# Reformed Events Honoring KJV 400th???



## DMcFadden (Aug 23, 2011)

In this 400th anniversary year of the KJV I have been reading through several of the books on the history of the KJV (McGrath, Brake, Campbell, Ryken, and Nicolson) and the DVDs (KJV: The Making of the King James Bible, KJB: The Book That Changed the World). Does anyone know of any other good books or MP3s, particularly lectures or anniversary celebrations from a Reformed perspective?


----------



## MW (Aug 23, 2011)

DMcFadden said:


> In this 400th anniversary year of the KJV I have been reading through several of the books on the history of the KJV (McGrath, Brake, Campbell, Ryken, and Nicolson) and the DVDs (KJV: The Making of the King James Bible, KJB: The Book That Changed the World). Does anyone know of any other good books or MP3s, particularly lectures or anniversary celebrations from a Reformed perspective?


 
Not reformed, but informed -- "Adventure of English" is an excellent DVD set we watched a few years back after reading McGrath's work. Books like those written by Ryken and McGrath are excellent for showing the "literary virtues" of the AV, but in order to appreciate what they are saying one needs to have a sense of the "virtues of English." It is staggering to see the impact of the English Bible on the language within the overall flow of linguistic influences.


----------



## Pilgrim (Aug 23, 2011)

The Trinitarian Bible Society are holding special events in the U.K. throughout the year. Some of the lectures are available on Sermon Audio. Hopefully all of them will be eventually posted there. 

Union University, a Southern Baptist (or perhaps more accurately, a Tennessee Baptist) university, has an upcoming conference that addresses the KJV from a wide variety of disciplines. Some of the titles look more interesting than others. I'm not that familiar with many of the speakers, but at least some of them are Reformedish. I'd be somewhat surprised to see it available for free, but you never know. 
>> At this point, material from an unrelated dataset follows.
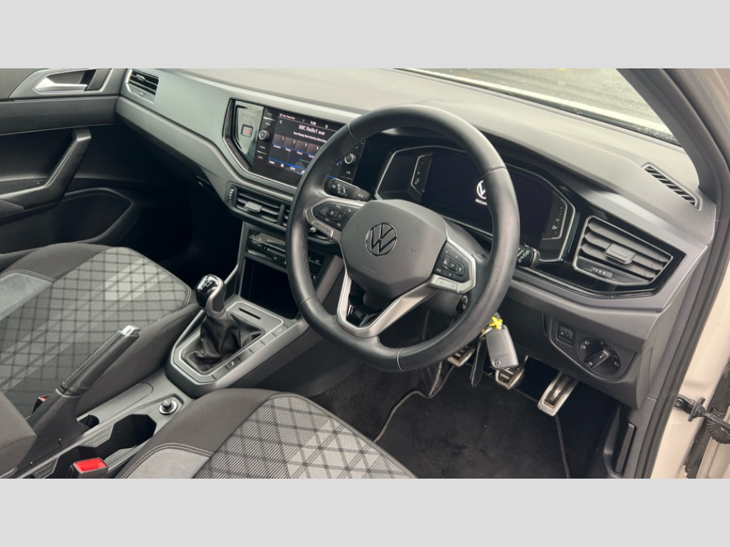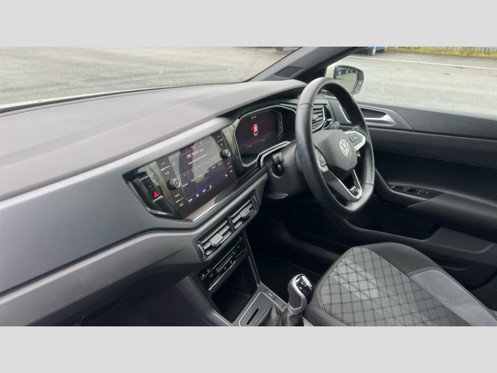 Volkswagen Polo 1.0 TSI R-Line 5dr Adaptive cruise control without follow-to-stop and speed limiter, Bluetooth mobile phone interface, Digital Cockpit Pro with 10.25" Display, Driver alert system, Dynamic road sign display, Emergency call service, Power assisted speed sensitive steering, Preparation for We connect and We connect plus, Speedo and rev counter, electronic odometer, trip, service interval display and fuel gauge, Standard rear axle, Travel Assist - Lane keeping system and traffic jam assist, Travel assist including emergency assist, Trip computer, Warning signal and warning light for front and rear seatbelts not fastened, Washer fluid level indicator, Wireless app connect, Front wheel drive, Rear shock absorpion, Start-stop system with battery regeneration (recuperation - energy recovery during braking), DAB Digital radio, Diversity antenna for FM reception, Front and rear 6 speakers, Body colour bumpers, Body colour door handles, Body colour door mirrors, Electric front windows, Front scuff plates with R-Line logo, Heat insulating darkened glass in side and rear windows, Heat insulating glass windscreen, Power folding adjustable/heated exterior mirrors and front passenger exterior mirror lowering function, Rear electric windows, Rear fog light, Rear side wing doors, Rear tinted glass from B-pillar backwards approx 65% tinted, Rear windscreen washer and wiper with interval delay, Third brake light, 12V power socket in centre console, 2 USB-C ports in the front, 2 USB-C charging sockets on the center console in the rear, 3 rear head restraints, 60/40 split folding rear seat and rear seat bench not split, Air care climatronic air conditoning system with active combination filter and 2-zone temperature control, Black roof lining, Ceramique headliner, Chrome plated radiator grille inserts, air vent surrounds and light switch surrounds, Door and side trim panel, Driver and front passenger seat height adjustment, Driver/passenger sunvisors with illuminated vanity mirrors, Front + rear carpet mats, Front centre armrest, Front footwell illumination, Front seat backrest storage pockets, Front sports comfort seats, Handbrake lever handle in leather, Isofix child seat preparation easy-fit (for two outer rear seats, and front passenger seat) compatible with I-size, Karoso artvelours cloth upholstery, Leather trimmed gear knob, LED interior light with switch off delay and dimmer, 2 reading lights front and rear, Luggage compartment cover, Luggage compartment floor, Luggage compartment lighting, Lumbar adjustment for front seats, Multifunction steering wheel, Single front passenger seat, Stainless steel pedals, Standard pedal cluster, Light and sight pack - Polo R-Line/Black Edition, 3 point height adj front seatbelts + pretensioners, 3x3 point rear seatbelts, ABS, Driver and front passenger airbag with front passenger airbag deactivation, Drivers and front passengers safety optimised head restraints, ESC (Electronic stability control) + EDL (Electronic Differntial lock) and ASR (Traction control), Extended and predictive pedestrian/ cyclist protection, Front curtain and side airbags with center airbag, Hill hold control, Manual child lock in rear doors, Single tone horn, Tyre pressure loss indicator, Alarm with interior protection, Anti-theft alarm system with interior monitoring, backup horn, and towing protection, Anti-theft wheel bolts, Electronic engine immobiliser, Chrome applications on rotary light, mirror adjustment, window regulator switches, outlet with frame in black, Dark grey anodised matt decorative inserts in dash and front door panels, Low rolling resistance tyres

I just found this conference at a PCA congregation featuring Dr. Ryken. 

Here's a transcript of Leland Ryken's conversation with Dr. Albert Mohler. I remember listening to this podcast but I can't find the link to it right now. 
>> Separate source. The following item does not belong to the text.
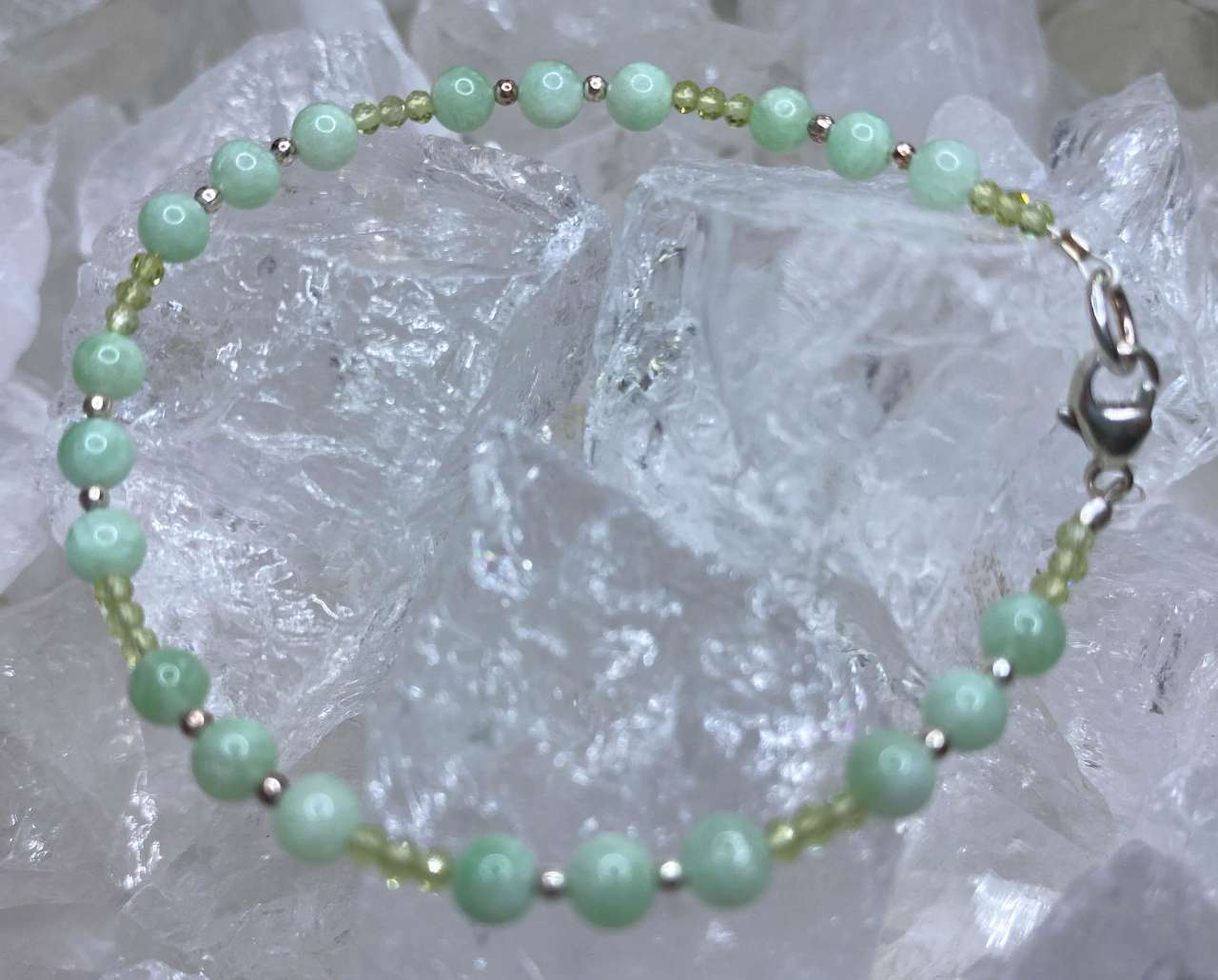 Dieses edle Armband vereint die sanfte Schimmerkraft des grünen Mondsteins mit dem lebendigen Glanz des facettierten Peridots. Die Kombination dieser beiden Edelsteine symbolisiert Harmonie, Wachstum und innere Balance – ein Schmuckstück, das Eleganz und positive Energie perfekt vereint.

You can probably just Google KJV 400, AV 400, etc. and come up with some more. There should be a good many messages on Sermon Audio as well. This one by Dr. Michael Barrett is probably well worth a listen. Remembering to spell it as Authori*s*ed rather than Authori*z*ed helps in finding messages from the U.K., etc.


----------



## KMK (Aug 24, 2011)

armourbearer said:


> DMcFadden said:
> 
> 
> > In this 400th anniversary year of the KJV I have been reading through several of the books on the history of the KJV (McGrath, Brake, Campbell, Ryken, and Nicolson) and the DVDs (KJV: The Making of the King James Bible, KJB: The Book That Changed the World). Does anyone know of any other good books or MP3s, particularly lectures or anniversary celebrations from a Reformed perspective?
> ...



Is this the set Rev Winzer? Amazon.com: The Adventure of English: Melvin Bragg: Movies & TV


----------



## MW (Aug 24, 2011)

KMK said:


> Is this the set Rev Winzer? Amazon.com: The Adventure of English: Melvin Bragg: Movies & TV


 
The title and presenter are the same, so I'm guessing they are the same item; but the cover is different. Melvin Bragg is a good presenter with excellent diction. That link also advertises an accompanying book, which I haven't seen before, but will be worth the price if it is presented anything like the DVD.


----------